======== RECORDED DATA ========

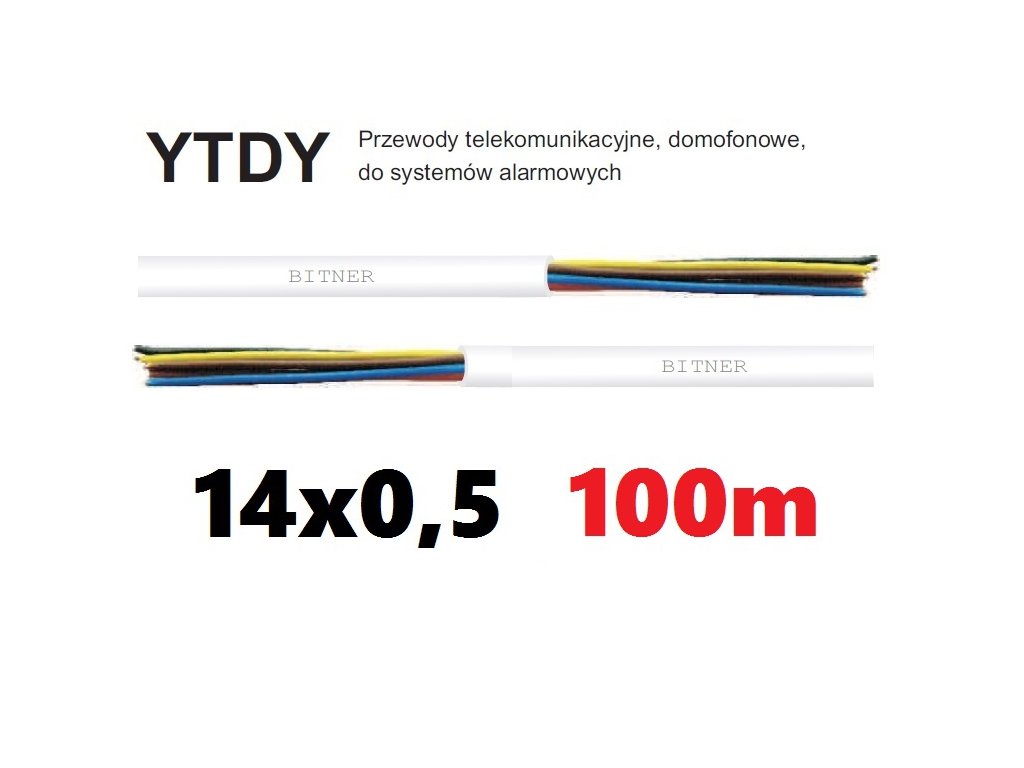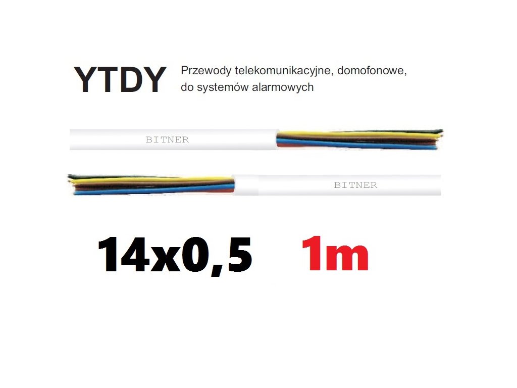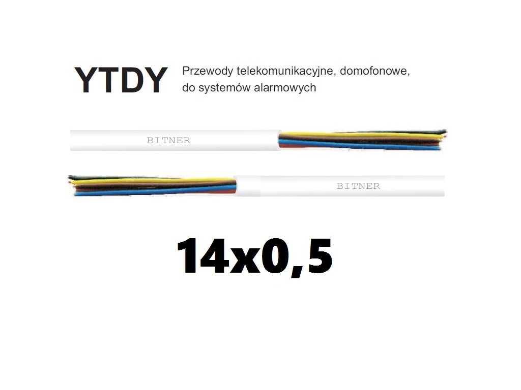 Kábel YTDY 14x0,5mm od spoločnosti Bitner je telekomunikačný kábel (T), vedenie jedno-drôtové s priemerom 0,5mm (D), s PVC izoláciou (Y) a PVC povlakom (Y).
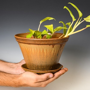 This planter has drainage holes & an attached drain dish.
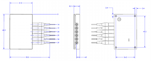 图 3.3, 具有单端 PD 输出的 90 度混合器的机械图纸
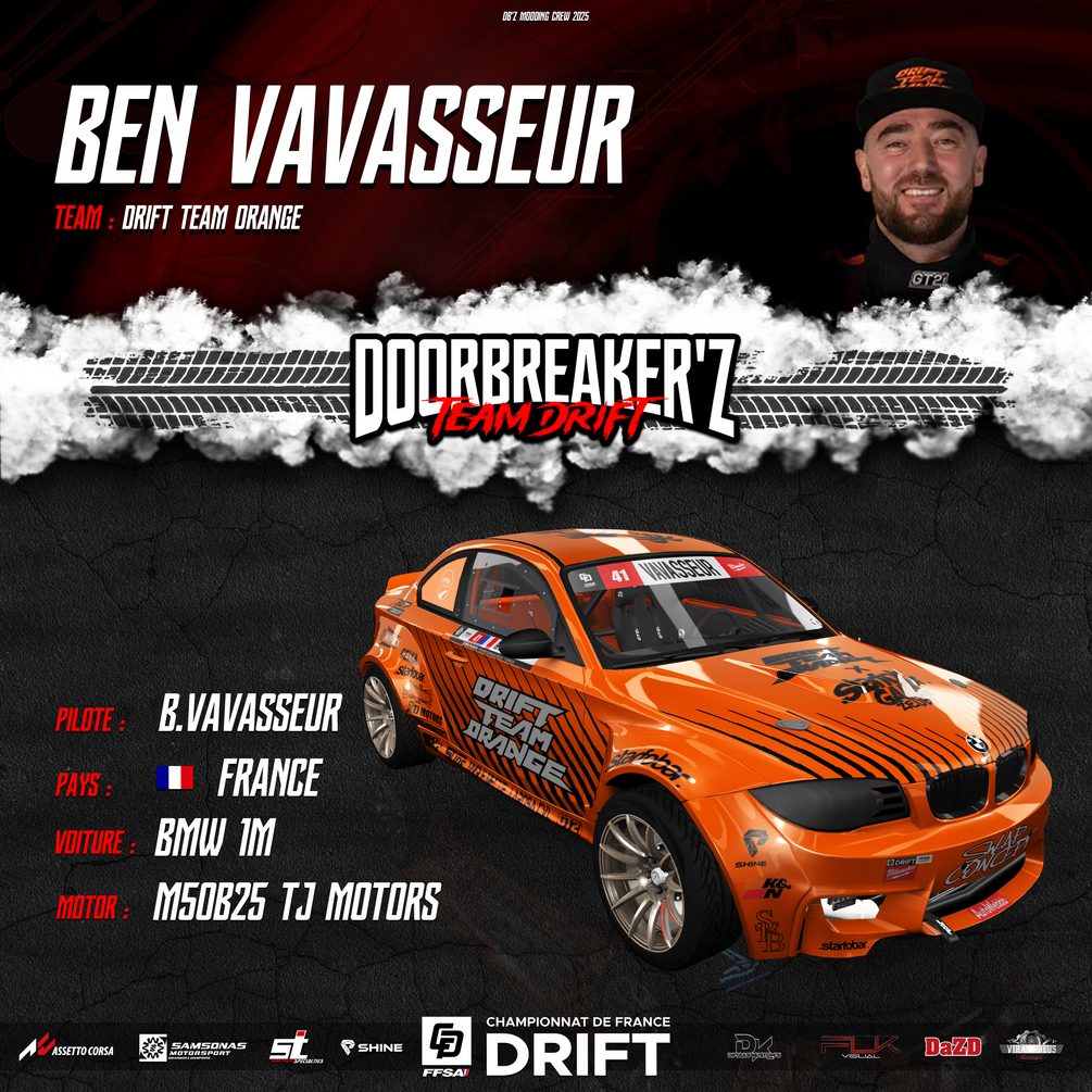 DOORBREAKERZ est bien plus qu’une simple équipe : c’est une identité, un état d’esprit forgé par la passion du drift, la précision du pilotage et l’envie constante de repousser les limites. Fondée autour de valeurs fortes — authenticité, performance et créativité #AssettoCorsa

========

### WHAT NEEDS TO BE DONE
Please output the lines above beginning at the line with "This planter has" and ending after the line with "图 3.3, 具有单端 PD 输出的 90 度混合器的机械图纸", precisely as written and with no pictures.

### FINISHED EXERCISE
 This planter has drainage holes & an attached drain dish.
 图 3.3, 具有单端 PD 输出的 90 度混合器的机械图纸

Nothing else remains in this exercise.